Транспорт для перевозки военных строителей на работу и обратно предоставляла городская автобаза с её гражданскими водителями…
Нашему отделению попался ухарь-асс. Влетая на территорию будущего Медицинского центра на УАЗ-66, он лупил свой грузовик по тормозам, и дрессированная техника скользила по льду замёрзших луж в техничном пируэте разворота — кормой к нам. Момент полной остановки совпадал со ржаньем сигнала: «Го-го-гоним! Домо-го-го-гой!»
При исполнении трюка, плохо закреплённый, но хорошо подраный брезент, с широкими прорехами, вспузыривался, как парашют в объятиях приземлившегося диверсанта. Шофёр вывешивал из-под тощих усов свою кривозубую ухмылку — проветриться. Ему в кайф было блатовать такой бродяче-таборной романтикой.
Выхлопную трубу он натренировал бабахать, но стрельбу приберегал для езды вдоль городских тротуаров — шугать прохожих. Ба-бах!
— Ой, мамочка! —… и руками за грудь. Но авоську таки не роняет.
Ребята что-то пытались мне втолковать про мотор и карбюратор, но всякое такое выше моего понимания...
~ ~ ~
В какой-то из первых дней на новом месте, я отправился в домик туалета, типа М-и-Ж, на самой границе территории. По малой нужде, мы без раздумий оборачиваем свою систему слива к чему угодно, что может послужить ширмой, чтоб уберечь её (систему) от сквозняков, так что за этим я бы не потопал в пограничные районы.
Просто из-за морозов, пользование сортиром части стало делом слишком рискованным. Весь пол там превратился в ровный жёлтый каток, чересчур скользкий для ходьбы, и даже в статичном приседе над очком, подошвы кирзовых сапог норовили разъехаться по глади льда. Тоже жёлтого…
. .. .
По ходу дефекации в руинах туалета на отшибе, у меня появились странные слуховые ощущения. Мне послышались… ну не совсем, чтоб так уж сразу — голоса... скорее отголоски голосов… их отдалённый слитный гул, вроде как бы невнятный бубнёж толпы, без всплесков, смысла, без отчётливости...
Затем я достал какое-то из писем. У меня от них уже давно вспух внутренний карман. Перечитывать я никогда не перечитывал, но всё-таки держал там.
Не уточняя от кого письмо, я им подтёрся, поднялся, застегнул штаны и вдруг наткнулся на источник шума:
...ветхие доски стен и перегородок между кабинками испещрены надписями, сплошь, не оставляя ни одного живого места... имена, даты, названия населённых пунктов написаны, вцарапаны карандашами и шариковыми ручками... какие-то вползли поверх других, потому что больше некуда…

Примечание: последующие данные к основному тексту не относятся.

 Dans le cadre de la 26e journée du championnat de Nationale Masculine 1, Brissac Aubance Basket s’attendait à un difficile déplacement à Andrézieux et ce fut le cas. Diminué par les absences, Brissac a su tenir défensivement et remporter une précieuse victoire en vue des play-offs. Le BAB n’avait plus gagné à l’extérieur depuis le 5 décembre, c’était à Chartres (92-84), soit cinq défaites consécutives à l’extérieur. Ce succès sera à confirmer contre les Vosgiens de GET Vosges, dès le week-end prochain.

Мне стало ясно, что прежде, на территории будущего МедЦентра размещался ставропольский сборно-распределительный пункт призывников, и они, поглощаемые вечностью из двух лет, торопливо сообщали заплесневелым доскам свои прощальные меты:
«Саха, станица...»
«Афос, посёлок...»
«Дран, город...»
Они уже там — сметены, схвачены, заглочены — потому-то и не слышно голосов, превращённых в некий общий бессловесный гул, но руки всё ещё дописывают прощание с безвозвратным самими собою:
«Андрон…»
~ ~ ~
ВИА «Орион» принял участие в городском музыкальном конкурсе.
Хоть мы и представили два номера, однако не урвали себе никакого места. Похоже, всё мероприятие проводилось ради одного единственного местного певца. Молодой человек пел без микрофона, но его голос заполнял весь зал. Вот это певец!

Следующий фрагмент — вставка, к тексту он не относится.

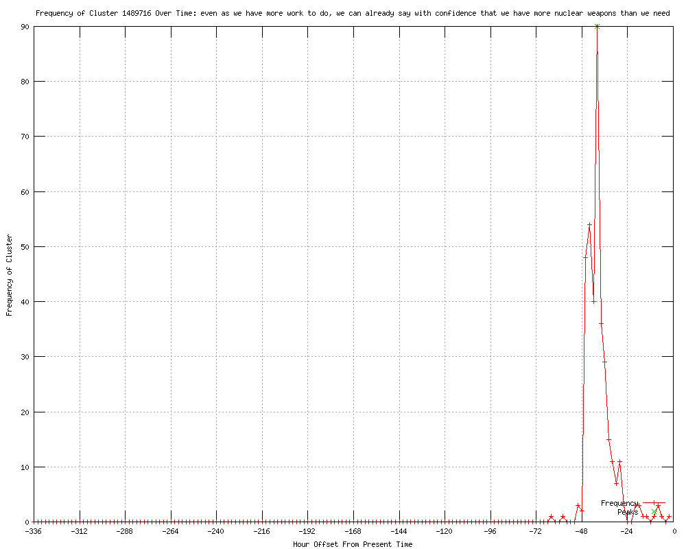 | 89 | we can already say with confidence that we have more nuclear weapons than we need Urls http://reuters.com/article/2012/03/26/us-nuclear-summit-idUSBRE82P01620120326 http://in.reuters.com/article/2012/03/26/nuclear-summit-idINDEE82P02620120326?feedType=RSS&feedName=topNews http://feeds.reuters.com/%7Er/Reuters/UKTopNews/%7E3/5ILbvw1GDM8/uk-nuclear-summit-idUKBRE82P01020120326 http://in.reuters.com/article/2012/03/26/nuclear-summit-idINDEE82P02620120326?feedType=RSS&feedName=worldNews http://my.news.yahoo.com/obama-vows-pursue-further-nuclear-cuts-russia-030832035.html http://wdbj7.com/sns-rt-us-nuclear-summitbre82p016-20120325,0,2398290.story http://moneycontrol.com/news/wire-news/obama-vows-to-pursue-further-nuclear-cutsrussia_685050.html http://chicagotribune.com/news/sns-rt-us-nuclear-summitbre82p016-20120325,0,7356071.story?track=rss http://au.news.yahoo.com/a/-/world/13264671/obama-vows-to-pursue-further-nuclear-cuts-with-russia/ http://zeenews.india.com/news/world/obama-vows-to-pursue-more-nuclear-cuts-with-russia_766146.html http://thehimalayantimes.com/rssReference.php?id=MzI1NTE4 http://kgmi.com/Obama-vows-to-pursue-further-nuclear-cuts-with-Rus/11461924?newsId=134185 http://chicagotribune.com/news/nationworld/sns-rt-us-nuclear-summitbre82p016-20120325,0,2842067.story?track=rss http://publicbroadcasting.net/wabe/news.newsmain/article/0/0/1915574/World/Obama.vows.to.pursue.further.nuclear.cuts.with.Russia http://au.news.yahoo.com/a/-/business/13264671/obama-vows-to-pursue-further-nuclear-cuts-with-russia/ http://au.news.yahoo.com/world/a/-/world/13264671/obama-vows-to-pursue-further-nuclear-cuts-with-russia/ http://publicbroadcasting.net/wkyu/news.newsmain/article/0/0/1915575/Top.Stories/Obama.vows.to.pursue.further.nuclear.cuts.with.Russia http://publicbroadcasting.net/wkyu/news.newsmain/article/0/0/1915574/World/Obama.vows.to.pursue.further.nuclear.cuts.with.Russia http://moneycontrol.com/news/world-news/obama-vows-to-pursue-further-nuclear-cutsrussia_685050.html http://publicbroadcasting.net/wuky/news.newsmain/article/0/0/1915574/World/Obama.vows.to.pursue.further.nuclear.cuts.with.Russia http://thestar.com.my.feedsportal.com/c/33048/f/534559/s/1dc75ea0/l/0Lthestar0N0Bmy0Cnews0Cstory0Basp0Dfile0F0C20A120C30C260Cworldupdates0C20A120E0A30E26T0A30A746Z0I40IBRE82P0A10A0IRTROPTT0I0A0IUK0ENUCLEAR0ESUMMIT0Gsec0FWorldupdates/story01.htm http://actualdot.com/2012/03/26/obama-vows-to-pursue-further-nuclear-cuts-with-russia/ http://wkzo.com/news/articles/2012/mar/26/obama-to-reaffirm-pledge-on-nuclear-arms-cuts/ http://wsbt.com/news/sns-rt-us-nuclear-summitbre82p016-20120325,0,3308928.story http://ibtimes.com/articles/319205/20120326/obama-nuclear-cuts-russia-summit.htm http://allnews.rss.themalaysianinsider.com/c/33362/f/567634/s/1dc7bbb9/l/0L0Sthemalaysianinsider0N0Cworld0Carticle0Cobama0Evows0Eto0Epursue0Efurther0Enuclear0Ecuts0Ewith0Erussia0C/story01.htm http://lfpress.com/news/world/2012/03/26/19548411.html http://irishtimes.com/newspaper/breaking/2012/0326/breaking1.html http://cnbc.com//id/46852572 http://da.feedsportal.com/c/851/f/10838/s/1dc7f0ad/l/0L0Sirishtimes0N0Cnewspaper0Cbreaking0C20A120C0A3260Cbreaking10Bhtm/ia1.htm http://thestar.com.my.feedsportal.com/c/33048/f/534559/s/1dc7e0e1/l/0Lthestar0N0Bmy0Cnews0Cstory0Basp0Dfile0F0C20A120C30C260Cworldupdates0C20A120E0A30E26T0A43929Z0I50IBRE82P0A10A0IRTROPTT0I0A0IUK0ENUCLEAR0ESUMMIT0Gsec0FWorldupdates/story01.htm http://kyivpost.com/news/russia/detail/124915/ http://telegraph.feedsportal.com/c/32726/f/568464/s/1dc82bc7/l/0L0Stelegraph0O0Cnews0Cworldnews0Cbarackobama0C91664840CBarack0EObama0Epushes0Efor0Eworld0Ewithout0Enuclear0Eweapons0Bhtml/story01.htm http://cnews.canoe.ca/CNEWS/World/2012/03/26/19548381.html?cid=rssnews http://fin24.com/Economy/Obama-vows-to-pursue-more-nuclear-cuts-20120326 http://thestar.com.my.feedsportal.com/c/33048/f/534559/s/1dc80ae8/l/0Lthestar0N0Bmy0Cnews0Cstory0Basp0Dfile0F0C20A120C30C260Cworldupdates0C20A120E0A30E26T0A54336Z0I60IBRE82P0A10A0IRTROPTT0I0A0IUK0ENUCLEAR0ESUMMIT0Gsec0FWorldupdates/story01.htm http://msnbc.msn.com/id/46851853 http://telegraph.co.uk/news/worldnews/barackobama/9166484/Barack-Obama-pushes-for-world-without-nuclear-weapons.html http://telegraph.feedsportal.com/c/32726/f/579330/s/1dc821ae/l/0L0Stelegraph0O0Cnews0Cworldnews0Cbarackobama0C91664840CBarack0EObama0Epushes0Efor0Eworld0Ewithout0Enuclear0Eweapons0Bhtml/story01.htm http://independent.ie/world-news/asia-pacific/barack-obama-pushes-for-world-without-nuclear-weapons-3061037.html http://telegraph.feedsportal.com/c/32726/f/564430/s/1dc81fe4/l/0L0Stelegraph0O0Cnews0Cworldnews0Cbarackobama0C91664840CBarack0EObama0Epushes0Efor0Eworld0Ewithout0Enuclear0Eweapons0Bhtml/story01.htm http://spaceports.blogspot.com/2012/03/obama-seeks-global-nuclear-missile.html http://engfootball.com/us-reducing-arsenal-wont-harm-security-obama/ http://engfootball.com/obama-says-us-reducing-nuclear-arsenal-wont-harm-security/ http://bloomberg.com/news/2012-03-26/obama-says-u-s-reducing-nuclear-arms-won-t-endanger-security.html http://ibnlive.in.com/news/obama-to-pursue-further-nuclear-cuts-with-russia/242703-2.html http://stuff.co.nz/timaru-herald/world/6640972/Obama-vows-to-pursue-nuclear-cuts http://stuff.co.nz/world/americas/6640972/Obama-vows-to-pursue-nuclear-cuts http://panarmenian.net/eng/news/100296/ http://wtkr.com/news/nationworld/sns-rt-us-nuclear-summitbre82p016-20120325,0,5745219.story http://da.feedsportal.com/c/32158/f/414204/s/1dc8c045/l/0L0Sitn0O0Cworld0C419270CObama0Kcalls0Kfor0Knuclear0Kcuts/ia1.htm http://reuters.com/article/2012/03/26/us-nuclear-summit-idUSBRE82P01620120326?feedType=RSS&feedName=worldNews&utm_source=feedburner&utm_medium=feed&utm_campaign=Feed%3A+reuters%2FworldNews+%28News+%2F+US+%2F+International%29 http://indiatalkies.com/2012/03/obama-seek-nuke-arms-reductions-russia.html http://feeds.reuters.com/~r/reuters/worldNews/~3/lzgWEmHYVx0/us-nuclear-summit-idUSBRE82P01620120326 http://odt.co.nz/news/world/2029

(...никогда больше мне не довелось его услышать. Ни по радио, ни на телевидении. "Нет местов" — муслимы магомаевы с иосифами кобзонами окопались там на десятилетия...)

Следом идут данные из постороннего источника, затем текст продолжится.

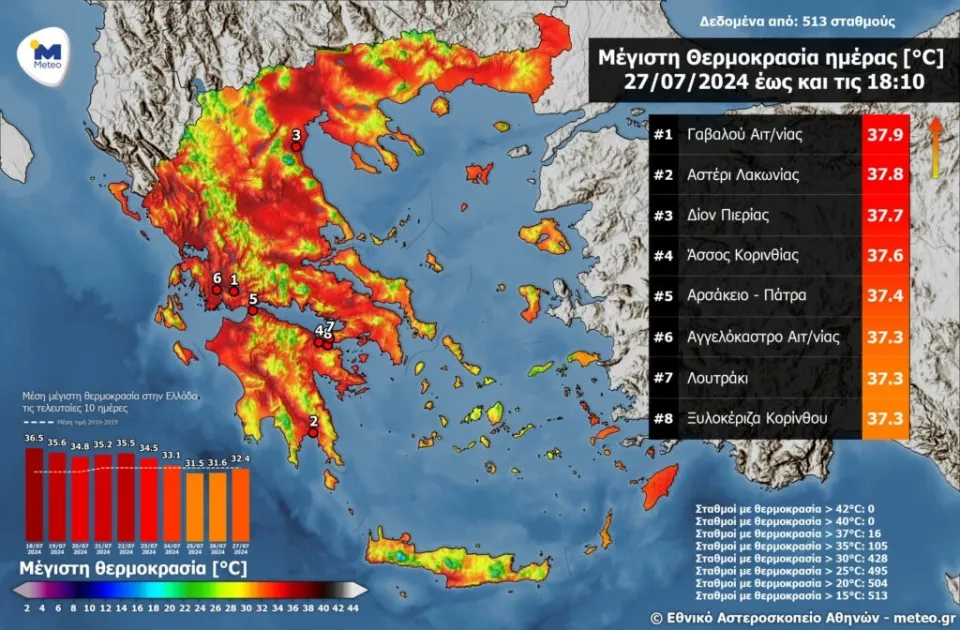 Μικρή άνοδο της θερμοκρασίας κατέγραψε το δίκτυο αυτόματων μετεωρολογικών σταθμών του meteo.gr/Εθνικού Αστεροσκοπείου Αθηνών το Σάββατο (27/7).

Вторым из наших номеров на конкурсе звучала «Песня Индейца», из репертуара Тома Джонса. Никто не знал о чём он пел в ней, а Советская переделка оплакивала горькую долю Американских краснокожих (впоследствии выяснилось, что Тому Джонсу хватало и своих хитов, а это песня Джона Ди, в исполнении группы «Рейдеры», но перемена мест слагаемых не облегчила участь коренных туземцев):
" Из резерваций, брат мой, знай,
Одна дорога — прямо в рай..."
На конкурсе, группа «меди» в «Орионе» насчитывала уже двух трубачей. Прапорщик Джафар Джафаров был переведён в наш батальон, не знаю откуда или за что, потому что меня это не колыхало. Просто однажды он пришёл в Клуб и объявил, что играет на трубе…
. .. .
Восточная внешность Джафарова оставляла приятное впечатление мягкости. Круглое лицо с мягкой смуглой кожей, мягкий отблеск его чёрных, оливкоподобных глаз, его мягкая улыбка, когда он произносил своё «Мамой клянусь!» И он действительно играл на трубе, которую приносил на репетиции в Клуб, и уносил с собою в неожиданно твёрдом футляре. Коля Комиссар начал дудеть в клубный инвентарь намного лучше при Джафаре…
. .. .
Серый, укротитель Карлухи, зачастил в Клуб, правда, не ради музыки, а за сравнительную уединённость — редкая роскошь в стройбатовском быту.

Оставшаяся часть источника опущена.